PROBLEM TO SOLVE
An exact copy of the data is needed, but without any of its images.

===== DATA SEGMENT

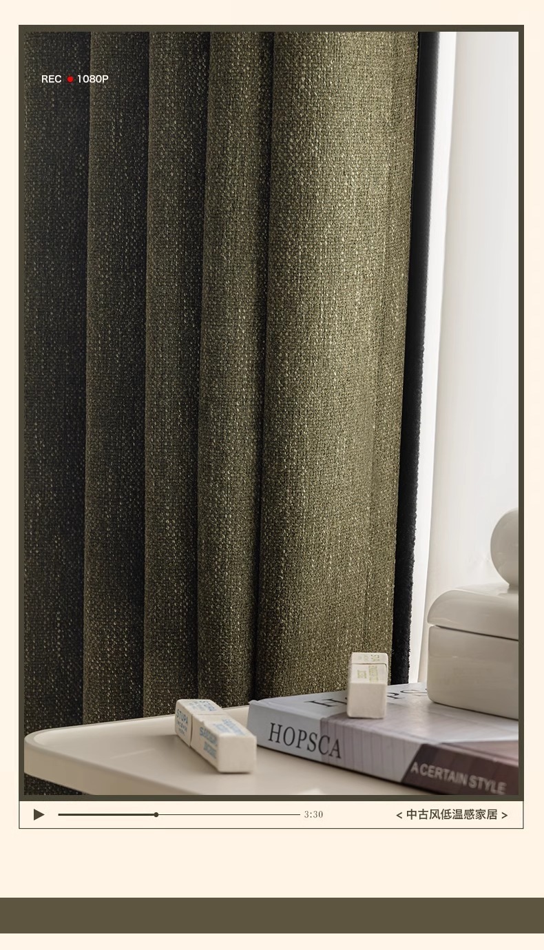 중국 고대 스타일 원사 염색 셔닐 커튼 빈티지 다크 그린 블랙 에지 침실 음영 고급 감각 거실 프랑스 완제품스토어 가기
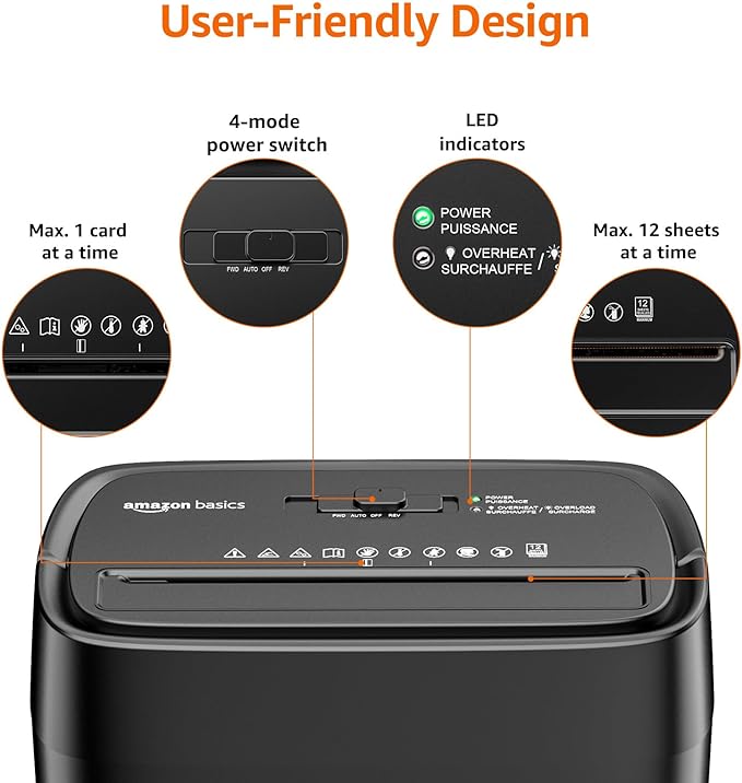 Amazon Basics Cross Cut Paper and Credit Card Shredder, 12 Sheet (New Model), Black
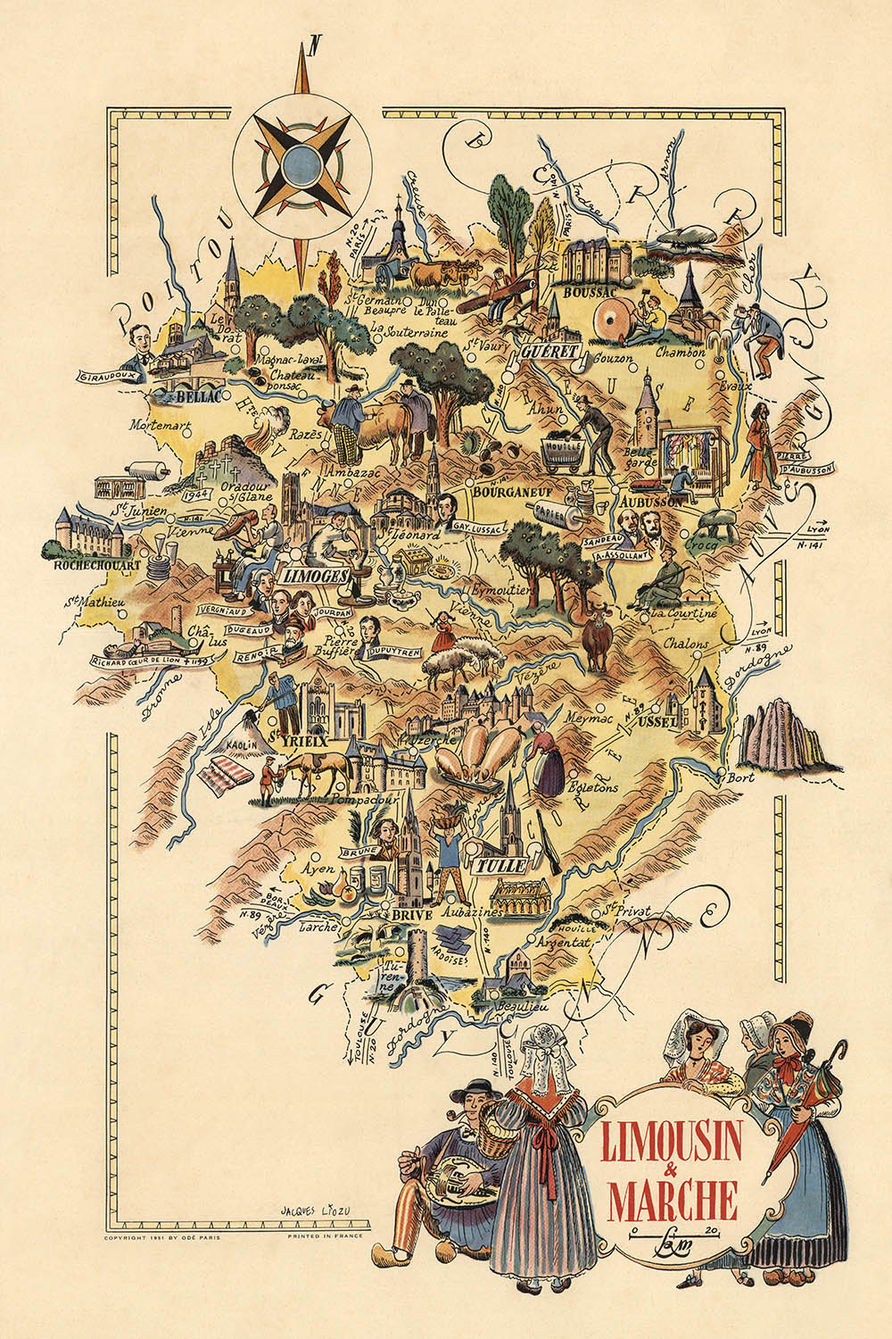 In addition to its geographical and historical richness, the "Limousin & Marche" map is a testament to Jacques Liozu's skill as a cartographer and artist. His ability to blend artistic elements with accurate geographical representation makes this map not only a functional piece but also a work of art. Whether for educational purposes, historical interest, or aesthetic appreciation, this map is a remarkable artifact that offers a window into the mid-20th century perception of Limousin and Marche.
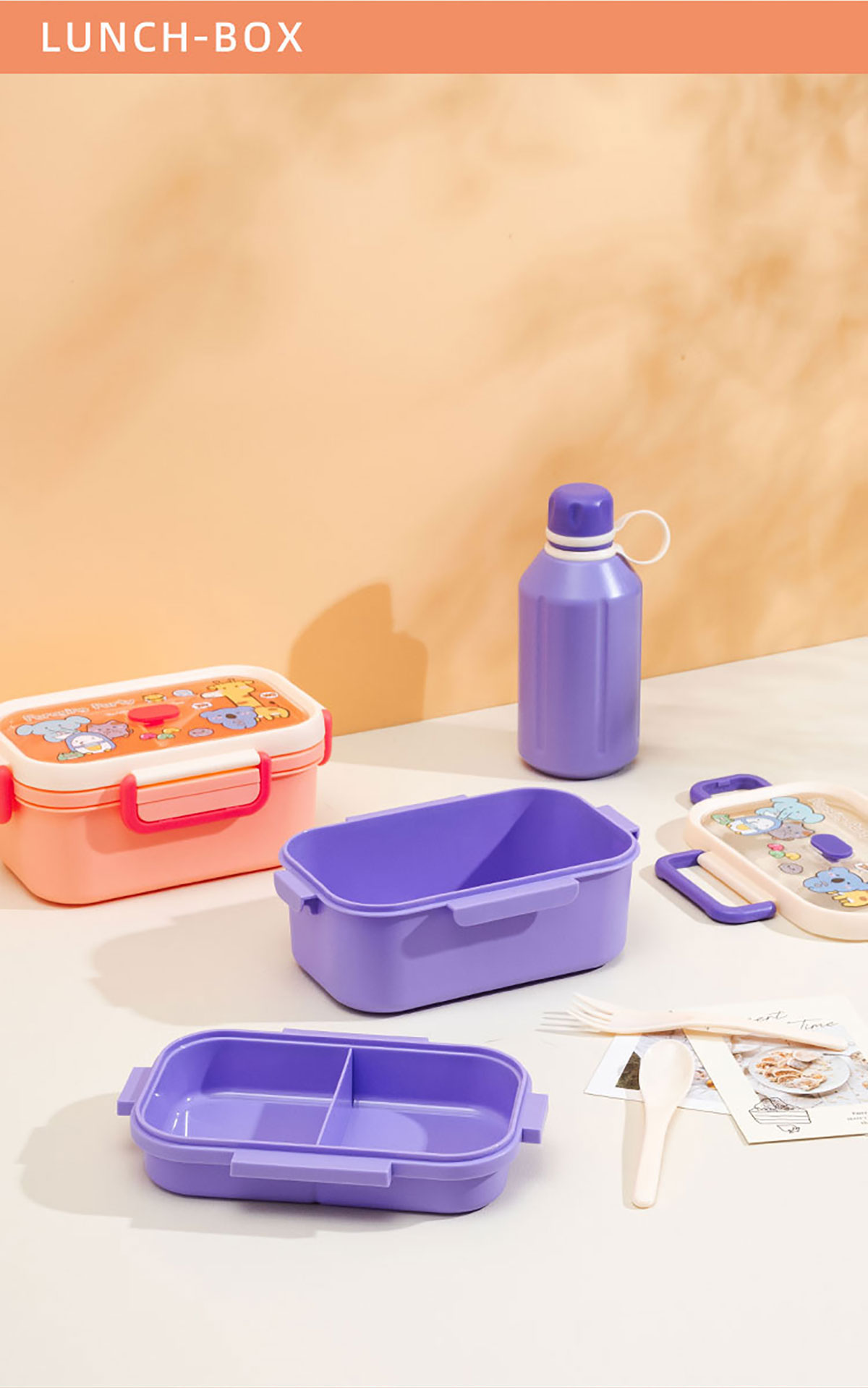 尚趣長方雙層飯盒(1100ml)/+圓形/方形運(yùn)動(dòng)水壺(500ml)

==========

EXERCISE RESULT
 중국 고대 스타일 원사 염색 셔닐 커튼 빈티지 다크 그린 블랙 에지 침실 음영 고급 감각 거실 프랑스 완제품스토어 가기
 Amazon Basics Cross Cut Paper and Credit Card Shredder, 12 Sheet (New Model), Black
 In addition to its geographical and historical richness, the "Limousin & Marche" map is a testament to Jacques Liozu's skill as a cartographer and artist. His ability to blend artistic elements with accurate geographical representation makes this map not only a functional piece but also a work of art. Whether for educational purposes, historical interest, or aesthetic appreciation, this map is a remarkable artifact that offers a window into the mid-20th century perception of Limousin and Marche.
 尚趣長方雙層飯盒(1100ml)/+圓形/方形運(yùn)動(dòng)水壺(500ml)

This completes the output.